Article 9(3) of the Aarhus Convention guarantees the right of environmental NGOs to challenge EU non-legislative measures that breach EU environmental law. This right is vital to ensuring that EU institutions implement and respect environmental laws and can be held accountable when they fail to do so. As the proposal itself points out, this is key to implementing the EU Green Deal and addressing the climate and biodiversity crises.

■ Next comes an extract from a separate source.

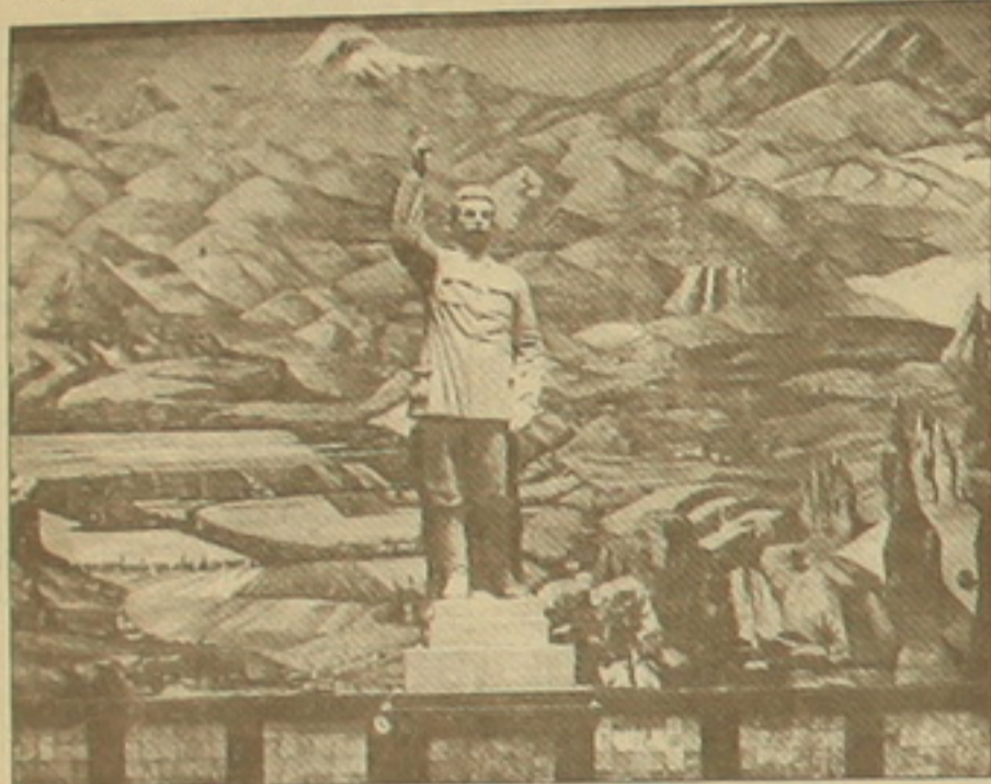
«Ֆայաստան» պաննոյի լուսանկարը՝ Ստալինի արձանով:

Սակայն լուսանկարի առջեւ՝ Սալիսի արձանը խանգարում էր սեսնել բնանկարն ամբողջության

In 2006 the EU adopted the Aarhus Regulation to implement Article 9(3) AC. Since individuals and NGOs do not have direct access to the CJEU under Article 263 TFEU, the Aarhus Regulation created an “internal review” mechanism, allowing certain environmental NGOs to ask EU institutions to review their own decisions, with a right of appeal to the EU courts. The current internal review mechanism does not work because it is available for a very limited number of EU acts only (so far, certain chemicals and GMO decisions). In 2008 ClientEarth brought the matter before the Aarhus Convention Compliance Committee (ACCC), which, in 2017, found the EU to be in violation of the access to justice provisions in the Convention.
The EU refused to endorse the findings of the Committee at the Meeting of the Parties (MoP) of the Convention in 2017. This decision led to strong opposition from certain non-EU states, NGOs and other institutional actors. Back in Brussels, the Council of the EU requested the Commission to carry out a study to explore ways to comply with the Convention and the findings of the ACCC and, in view of the conclusion of the study, to table a legislative proposal to revise the Aarhus Regulation.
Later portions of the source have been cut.